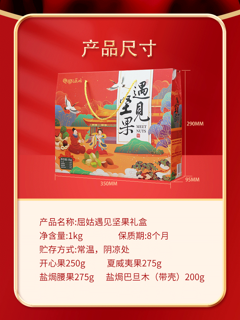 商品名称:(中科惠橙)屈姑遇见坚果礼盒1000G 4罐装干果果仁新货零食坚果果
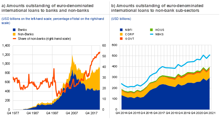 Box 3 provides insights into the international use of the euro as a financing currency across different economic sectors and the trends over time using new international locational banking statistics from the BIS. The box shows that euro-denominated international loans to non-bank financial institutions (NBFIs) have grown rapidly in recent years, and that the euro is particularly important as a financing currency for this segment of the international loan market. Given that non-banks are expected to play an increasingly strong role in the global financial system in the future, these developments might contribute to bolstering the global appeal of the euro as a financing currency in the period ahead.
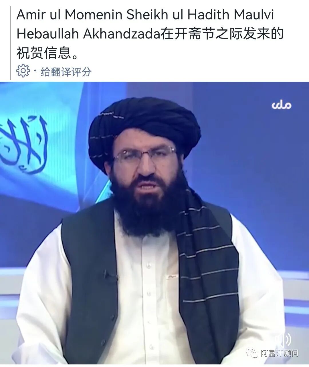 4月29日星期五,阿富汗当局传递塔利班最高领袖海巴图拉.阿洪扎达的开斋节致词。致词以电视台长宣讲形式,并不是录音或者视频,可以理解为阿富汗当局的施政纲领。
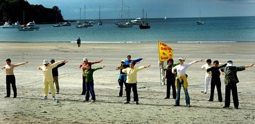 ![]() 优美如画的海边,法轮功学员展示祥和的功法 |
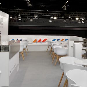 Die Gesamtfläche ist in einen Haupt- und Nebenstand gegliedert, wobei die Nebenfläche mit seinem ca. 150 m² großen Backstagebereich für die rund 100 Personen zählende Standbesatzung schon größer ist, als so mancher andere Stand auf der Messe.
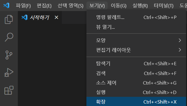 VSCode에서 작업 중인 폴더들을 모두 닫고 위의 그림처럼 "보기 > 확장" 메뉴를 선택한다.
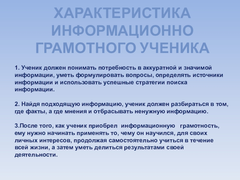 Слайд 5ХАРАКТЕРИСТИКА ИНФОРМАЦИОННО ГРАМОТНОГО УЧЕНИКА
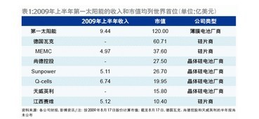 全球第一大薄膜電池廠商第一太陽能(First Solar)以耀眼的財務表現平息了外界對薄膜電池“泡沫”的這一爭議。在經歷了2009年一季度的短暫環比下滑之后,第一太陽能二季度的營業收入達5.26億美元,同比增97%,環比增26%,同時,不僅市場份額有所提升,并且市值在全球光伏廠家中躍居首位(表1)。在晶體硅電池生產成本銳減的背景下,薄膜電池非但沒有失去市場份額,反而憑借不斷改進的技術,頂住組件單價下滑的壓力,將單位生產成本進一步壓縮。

---

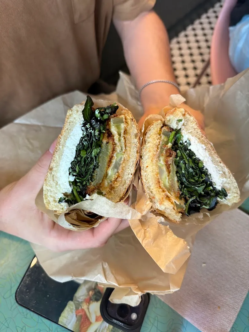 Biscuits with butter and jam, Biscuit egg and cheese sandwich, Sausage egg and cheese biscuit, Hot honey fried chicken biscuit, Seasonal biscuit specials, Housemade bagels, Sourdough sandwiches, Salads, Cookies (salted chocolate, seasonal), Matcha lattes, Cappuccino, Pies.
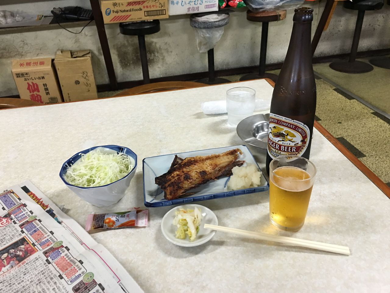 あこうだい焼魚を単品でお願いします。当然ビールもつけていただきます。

...

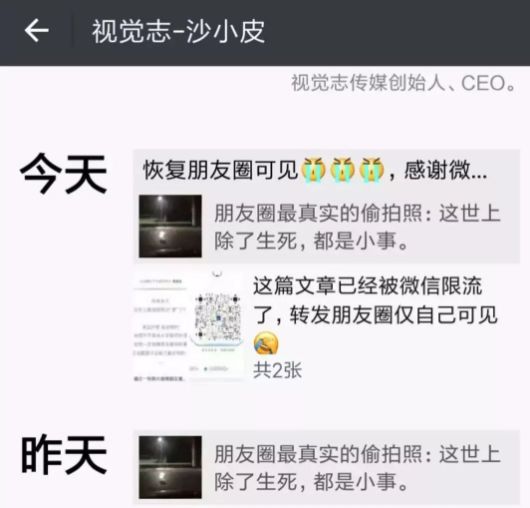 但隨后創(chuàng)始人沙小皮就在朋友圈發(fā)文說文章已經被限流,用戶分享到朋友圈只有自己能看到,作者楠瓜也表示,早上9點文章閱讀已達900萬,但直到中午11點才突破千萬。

(TASK) In the records above, find the line with "Die Gesamtfläche ist". Print exactly from there through the line with "全球第一大薄膜電池廠商第一太", minus the pictures.

(ANSWER FOR THE TASK)
 Die Gesamtfläche ist in einen Haupt- und Nebenstand gegliedert, wobei die Nebenfläche mit seinem ca. 150 m² großen Backstagebereich für die rund 100 Personen zählende Standbesatzung schon größer ist, als so mancher andere Stand auf der Messe.
 VSCode에서 작업 중인 폴더들을 모두 닫고 위의 그림처럼 "보기 > 확장" 메뉴를 선택한다.
 Слайд 5ХАРАКТЕРИСТИКА ИНФОРМАЦИОННО ГРАМОТНОГО УЧЕНИКА
 全球第一大薄膜電池廠商第一太陽能(First Solar)以耀眼的財務表現平息了外界對薄膜電池“泡沫”的這一爭議。在經歷了2009年一季度的短暫環比下滑之后,第一太陽能二季度的營業收入達5.26億美元,同比增97%,環比增26%,同時,不僅市場份額有所提升,并且市值在全球光伏廠家中躍居首位(表1)。在晶體硅電池生產成本銳減的背景下,薄膜電池非但沒有失去市場份額,反而憑借不斷改進的技術,頂住組件單價下滑的壓力,將單位生產成本進一步壓縮。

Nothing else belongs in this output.